▸ Exercise:
The exercise calls for the lines from the one containing "A microfiber kitchen" to the end of the data below to be output exactly, pictures excluded.

▸ Provided data:
# # # # #

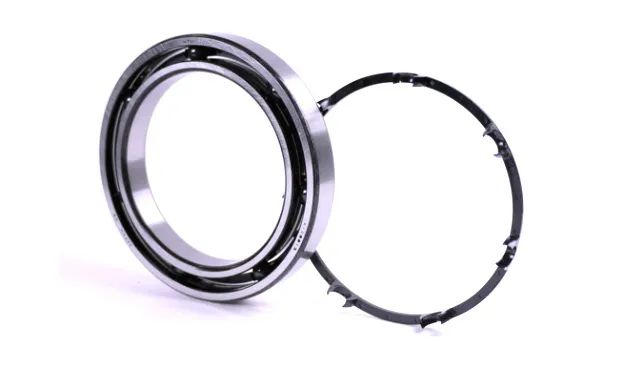 減少滾動體和保持架兜孔的個數(shù),以降低軸承高速旋轉(zhuǎn)時的離心力。同時,合理設(shè)計保持架形狀,嚴(yán)格選取高強(qiáng)度的保持架材料,最大程度地抑制因離心力導(dǎo)致的保持架變形。通過這些舉措,內(nèi)徑50—90mm的大徑軸承可實現(xiàn)dmn=150萬。
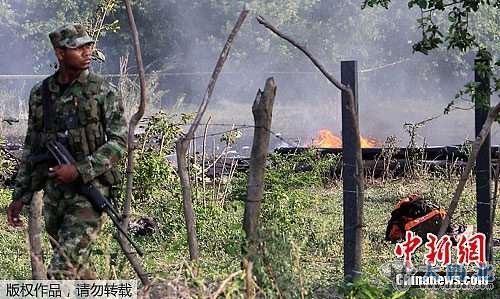 当地时间4月30日,哥伦比亚一架贝尔212型军用直升机在大西洋省Sabanagrande附近坠毁,造成13名军人遇难。截至目前,事故原因仍未查明。图为坠机现场。
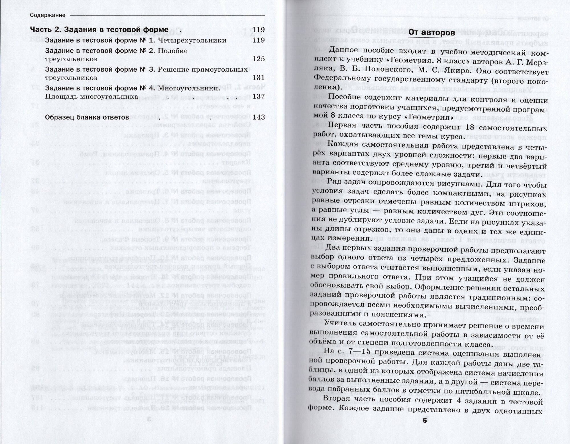 Пособие представляет собой проверочные материалы по геометрии для 8 класса общеобразовательных учебных заведений. Книга является составной частью учебно-методического комплекта и соответствует учебнику по геометрии для 8 класса (авторы А. Г. Мерзляк, В. Б. Полонский, М. С. Якир). Пособие содержит большую подборку тематических задач по всему курсу геометрии 8 класса.
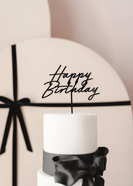 Elegáns, fekete akril tortadísz „Happy Birthday” felirattal, stílusos kiegészítő születésnapi tortákhoz.
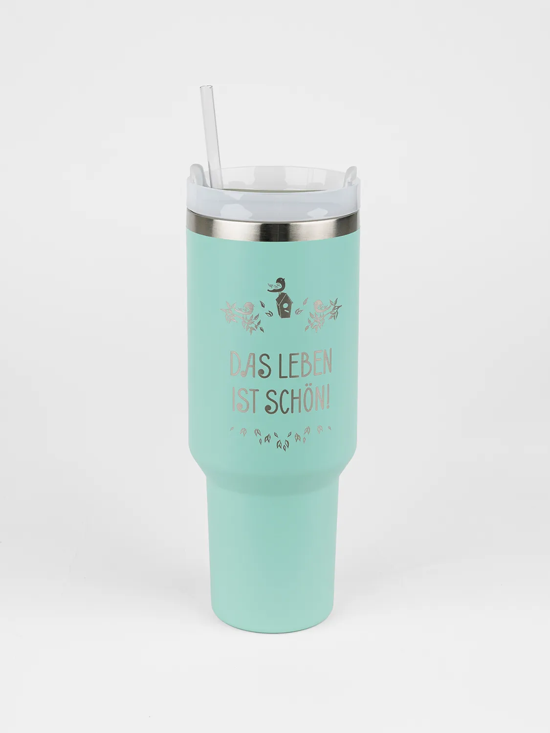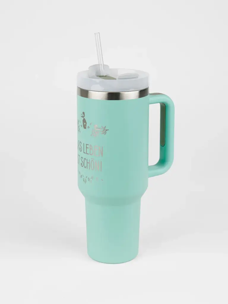 Dank verspieltem Motiv und dem Spruch „Das Leben ist schön“ sorgt dieser stylische Isolierbecher für eine glückliche Stimmung. Trinkhalm und Henkel machen den mintfarbenen Becher besonders praktisch.
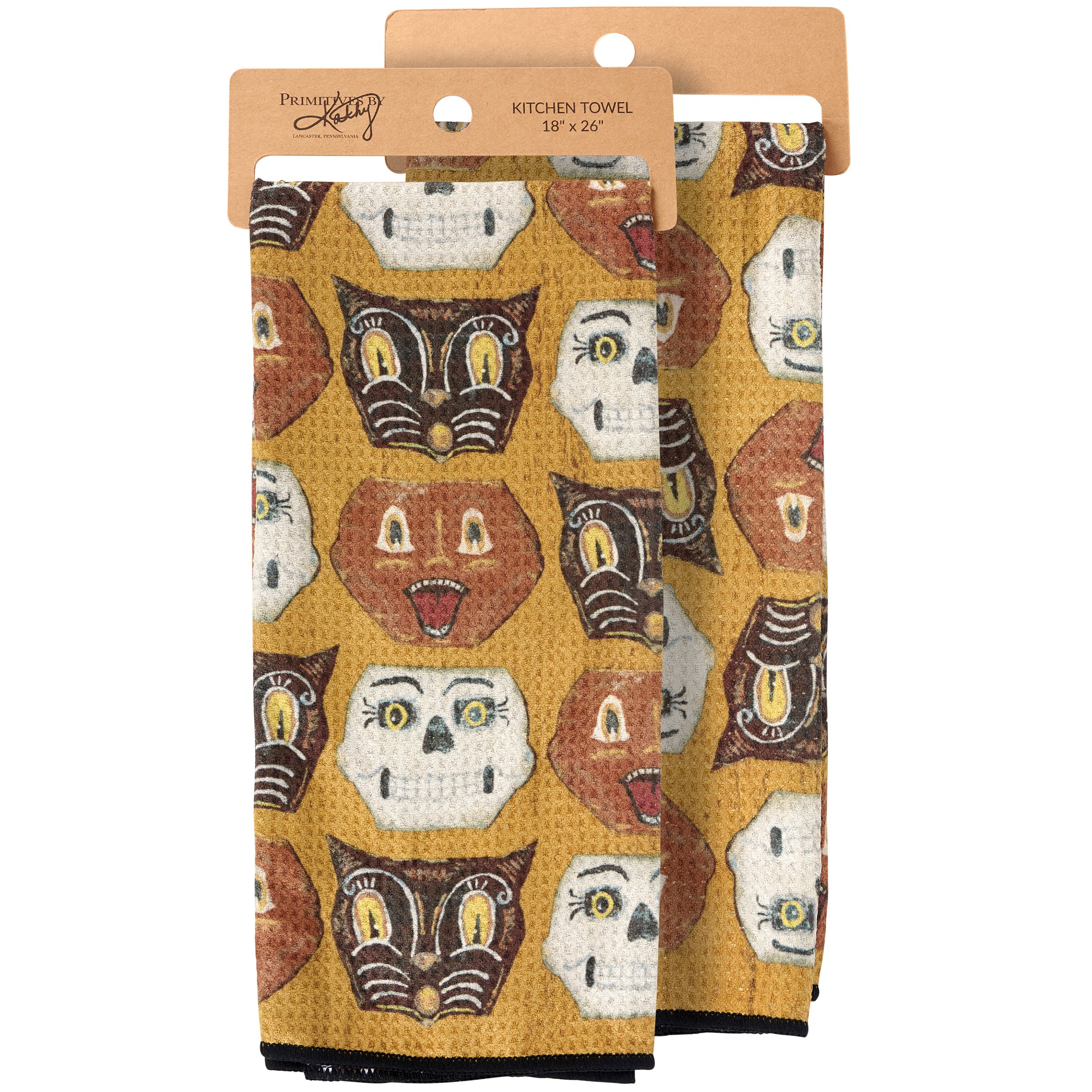 A microfiber kitchen towel from our Halloween Collection displaying an all-over design of a primitive pattern of Halloween faces featuring jack o'lanterns, black cats, and skeletons. Halloween face designs are replicated from original art pieces made from hand carved wooden shapes that are hand painted with each design. Our Halloween Faces kitchen towel is conveniently machine-washable for easy cleaning. Seasonal kitchen towel is packaged on a cardboard hanger with hole to easily display on rack. A primitive Halloween kitchen accessory perfect for seasonal use.
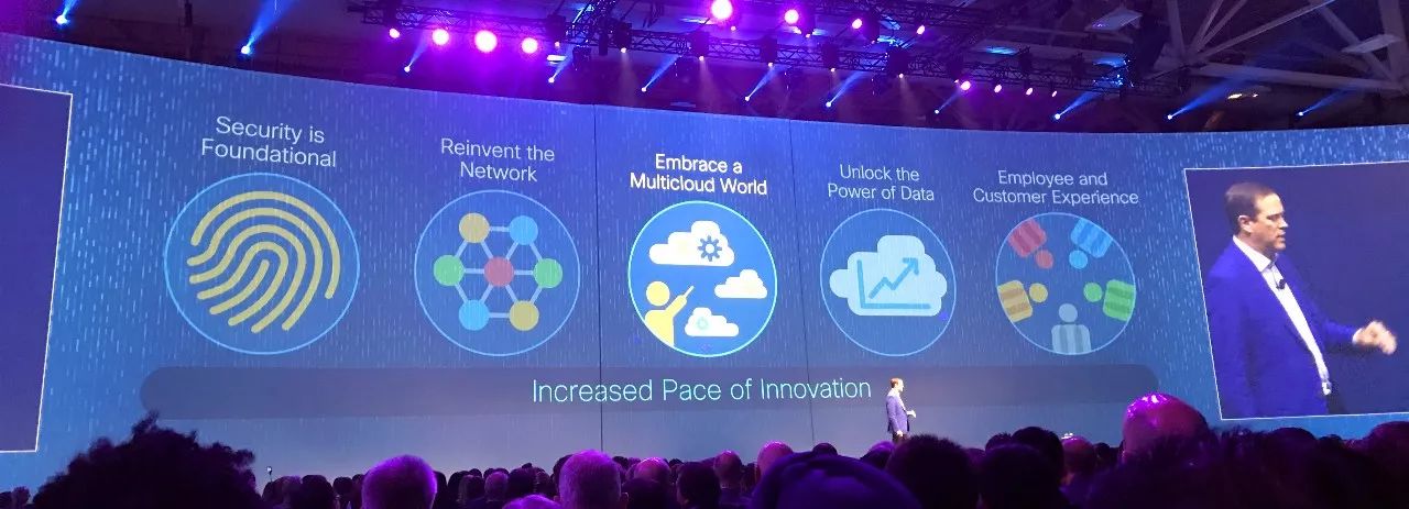 本届大会的主题是“OWN IT”,中文翻译为“全心全责”。着重探讨了如何建设一个“新网络”去支持云服务、数据分析、VR/AR、人工智能等新兴应用流行,并探讨由此给大家带来的新机会。

# # # # #

▸ Response to the exercise:
 A microfiber kitchen towel from our Halloween Collection displaying an all-over design of a primitive pattern of Halloween faces featuring jack o'lanterns, black cats, and skeletons. Halloween face designs are replicated from original art pieces made from hand carved wooden shapes that are hand painted with each design. Our Halloween Faces kitchen towel is conveniently machine-washable for easy cleaning. Seasonal kitchen towel is packaged on a cardboard hanger with hole to easily display on rack. A primitive Halloween kitchen accessory perfect for seasonal use.
 本届大会的主题是“OWN IT”,中文翻译为“全心全责”。着重探讨了如何建设一个“新网络”去支持云服务、数据分析、VR/AR、人工智能等新兴应用流行,并探讨由此给大家带来的新机会。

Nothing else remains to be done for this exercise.